The next hotel he works at is a grand estate, but it is almost always empty. In one satirical scene, however, the hotel receives a visit from the country's president (presumed to be Tomáš Masaryk) and his French lover.

Dítě then works at a hotel in Prague itself. He works as a waiter, honing his skills of perception under the watchful tutelage of the headwaiter. When the Emperor of Ethiopia comes to Czechoslovakia for a state visit, he dines at the hotel, and Dítě is awarded a special medal for his diligent service, an honor which he wears proudly throughout the novel. After the dinner, however, Dítě is accused of having stolen a golden spoon that went missing. Ashamed, he attempts to hang himself, but is saved at the last minute when the spoon is found.
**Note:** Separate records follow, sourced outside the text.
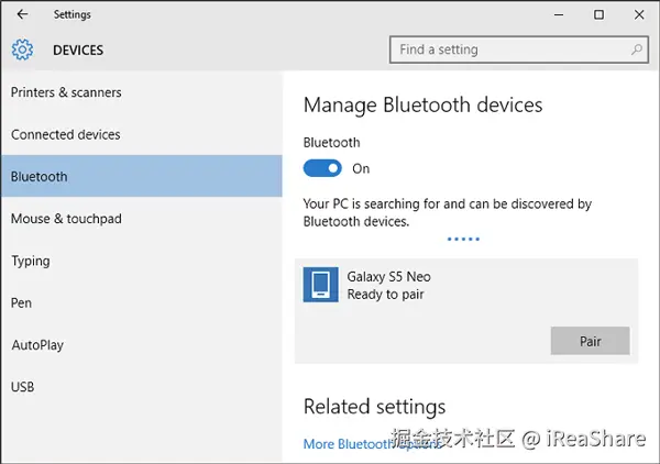 - 电脑端依次进入设置 > 设备 > 蓝牙和其他设备
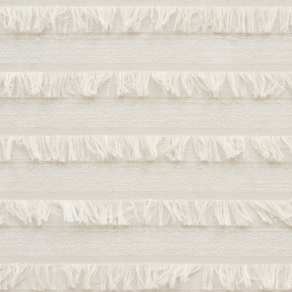 A horizontal fringed stripe, Acadia derives from a textile in our archives from the 1970s. Beautifully woven with silk mélange yarn, it has an artisanal look and multi-textural appeal. -
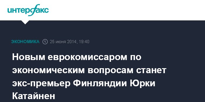Москва. 25 июня. INTERFAX.RU - Ушедший с поста премьер-министра Финляндии Юрки Катайнен назначен новым комиссаром Евросоюза по экономическим и монетарным вопросам, заявил в среду председатель Европейской комиссии Жозе Мануэл Баррозу, слова которого передает агентство Bloomberg.
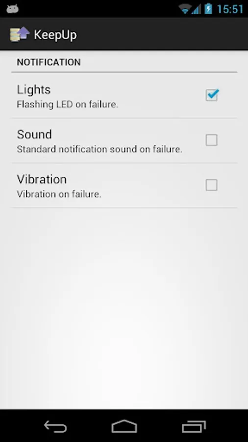 - failure notification (status bar, sound, vibration, lights)
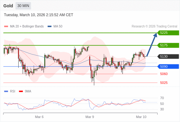黄金现货 当日内: 目标位为5175。
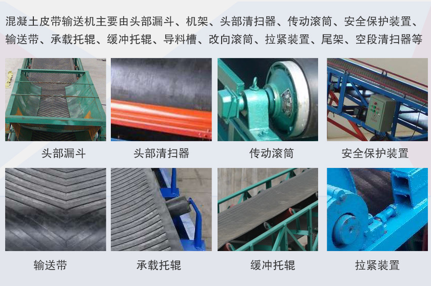 混凝土皮帶輸送機主要由頭部漏斗、機架、頭部清掃器、傳動滾筒、安全保護裝置、輸送帶、承載托輥、緩沖托輥、導料槽、改向滾筒、拉緊裝置、尾架、空段清掃器等部分組成。
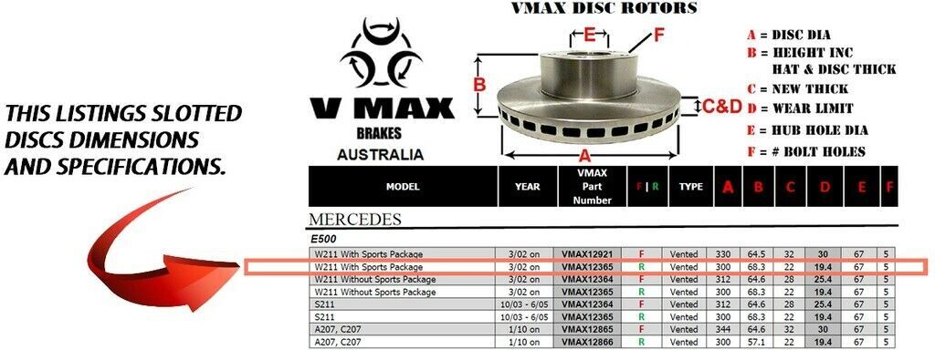This sale is for a new pair (2 disc rotors) of Genuine VMAX Dimple Drilled & Slotted Performance Rear disc brake rotors to suit MERCEDES E500 W211 With Sports Package models built 2002 Onwards and are a direct replacement item.
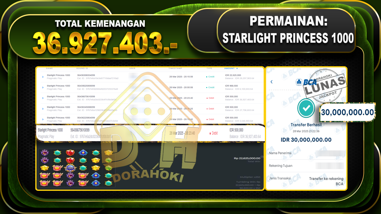 Bukti JP STARLIGHT PRINCESS 1000 – ucapkan selamat kepada user id Gapxxx atas kemenangan di STARLIGHT PRINCESS 1000 dengan total kemenangan Rp.36,927.403,- . Yang pasti nya langsung LUNAS sesuai bukti ya bosku. Dorahoki nih bosku berapapun akan tetap kami bayar lunas ya bosku
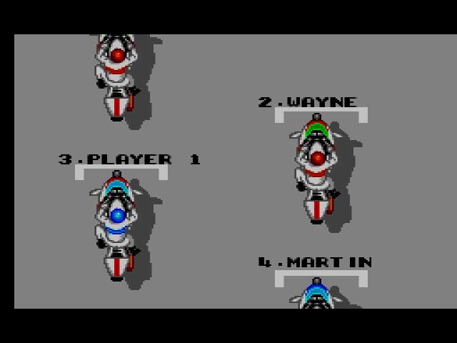 Bon, je prend le départ. Je double quelques concurrents et prend mal un virage : ma moto tombe. Mon pilote se relève, je tente de me remettre dans la course et ... plus de carburant ??? C'est quoi cette arnaque ? Il n'y a aucune jauge et j'ai juste fait une chute ! Oh, je commence à l'aimer ce jeu, moi !

Dítě's time at the hotel comes to an end after the beginning of the German occupation of Czechoslovakia. Dítě's girlfriend, Lise, is an ethnic German and an ardent Nazi supporter. While he never sympathizes with her political beliefs, Dítě comes to resent the bad treatment that she receives at the hands of Czechs, including at the restaurant he works. After an altercation with his coworkers over the issue, he is fired.

The two marry and move to a Nazi mountain retreat for pregnant "Aryan" women. Though he attempts to pass as an Aryan himself, the other Germans treat him with condescension and disdain; he must get a dispensation from the doctor in order to be able to impregnate his wife, submitting to a humiliating physical exam in the process. When they eventually do have a child, their son is born retarded, and spends the day hammering nails into the floor.

After expressing doubts about the German invasion of the Soviet Union, Dítě is fired and finds work as a waiter at a café in Prague while Lise works at the front lines. Near the end of the war, Lise is killed in the bombing of Cheb. In the rubble, Dítě finds a briefcase full of stamps stolen from a Jewish ghetto. He sells the stamps and uses the proceeds to build his own hotel in an abandoned quarry. Among his guests is John Steinbeck. The fame and wealth he amasses fulfill the dreams of his youth, and yet his status as a Nazi collaborator leaves him alienated from Prague's other hoteliers. After the communist takeover of Czechoslovakia, the hotel is nationalized, and Dítě is thrown into "millionaire's prison", in which the inmates live in high style and have access to all the luxuries they had on the outside.

After the prison is closed down, Dítě works a brief stint at a lumber mill before securing himself a job as a road repairer in the isolated mountains. He lives largely isolated from the world, save for the company of a few animals. He trades his youthful pursuit of temporal pleasures for quiet contemplation and spiritual growth. He comes to accept himself, overcoming the insecurity he felt throughout his life. The book ends with Dítě describing how he started to write the novel in the first place.

==Reception==
The English literary critic James Wood wrote in the London Review of Books in 2001: "I Served the King of England is a joyful, picaresque story, which begins with Baron Munchausen–like adventures, and ends in tears and solitude, a modulation typical of Hrabal's greatest work."

==Adaptation==
After the fall of communism, the Czech filmmaker Jiří Menzel attempted to make a film from I Served the King of England. Menzel had in the past directed several films based on Hrabal's stories, such as Closely Watched Trains and Larks on a String. The struggle to get the film made in the transformed film industry became much publicized, and culminated in 1998, when Menzel, after hearing his producer had sold the rights, attacked the producer at the Karlovy Vary International Film Festival and beat him with a big stick. The stick was later sold at auction. The film rights were passed between different producers, and at one point the story was under development to be turned into a television soap opera. In the early 2000s, a film was under development by the writer-director duo Petr Jarchovský and Jan Hřebejk. In the end Menzel did direct the film. A co-production between Czech, Slovak, German and Hungarian companies, I Served the King of England premiered in the Czech Republic on 21 December 2006.